日記です。孫観察、油絵、乗馬、おもしろくない映画の紹介など

『シャイアン』

テレビで『シャイアン』という映画を見ました。

ぜんぜん知らない映画ですが、タイトルから西部劇だろうと思ってました。映画が始まって、監督がジョン・フォードで、カラーで70ミリ映画なのでびっくりしました。
ジョン・フォード監督は、私にとっては昔々の人なので1960年代に映画を作ってるとは思いませんでした。

監督は、1870年代のアメリカインディアンの悲劇をまともに扱おうとしたようですが、なんでこんな映画ができてしまったのであろうか。
見ていて、ジョン・フォードという人には誠実さとか良心とかがないのかと思いました。
見終わってからウイキペディアとかで調べたら、そんなことはないみたいなので、この時期頭がおかしかったのかもしれない。
ジョン・フォードは、インディアンを悪者にした西部劇を作りまくったので、罪滅ぼしのつもりで史実に基づいた映画を作ろうとしたけど、長年の癖が抜けずお客様サービス的要素を持ち込んでしまったのでしょうか。

シャイアン族は、アメリカ政府によって不毛の土地に押し込められ、約束されていた食料や医薬品の援助も受けられず、これでは生きていけないと故郷に戻るたびに出る。

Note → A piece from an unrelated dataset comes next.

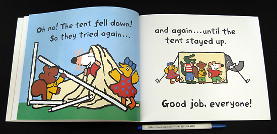 Maisy, the little mouse, is back with a new adventure and all her friends. Like previous Maisy books, this one is bright and bold, with one, large-font sentence on each page and a joyous cast of characters rendered with simple lines and solid blocks of color. In other words, it is a perfect book to share with toddlers and preschoolers, either one-on-one or with a group at "circle time." In this story, Maisy and her friends work together to pitch a tent, laugh at several mishaps, sing around the campfire, then count how many of them can fit into the tent as they go to bed for the night. Young children will particularly enjoy seeing Eddie, the elephant, try to get into the tent after everyone else, creating a "squeezy squish-squash," that finally sends everyone but Eddie popping back out of the tent. This is a book preschoolers will want to read again and again.

2千キロ以上の道のりを子供や老人も含めて歩いていく。それを「協定違反」ということで騎兵隊が追跡する。

その「自己批判映画」「告発映画」の中に、突如ワイアット・アープが登場して、酒場でバクチをしたりいかがわしい女たちが登場してスカートがめくれて下着が見えて大騒ぎしたり、なにこれ?というシーンが延々と続く。
映画の公開後、映画会社が「この部分は無駄だ」とちょん切ったそうですが、DVDなどではまた復活してしまってるみたいです。

フォード監督は、昔からインディアンの境遇に同情していて、映画にもよく使ったそうです。この映画では、シャイアン族じゃなくてナバホ族の人たちが大勢出てます。珍しく、英語じゃなくてナバホ語をしゃべってます。
映画の中のまじめな場面で、族長が映画に関係ないとても下品なことをしゃべってるそうです。
「白人を馬鹿にした」ということで、この映画はナバホ族の間でとても人気があるそうです。

インディアン迫害の史実を知るということと、名監督でもこんなひどい映画を作るということで、一見の価値ありかな。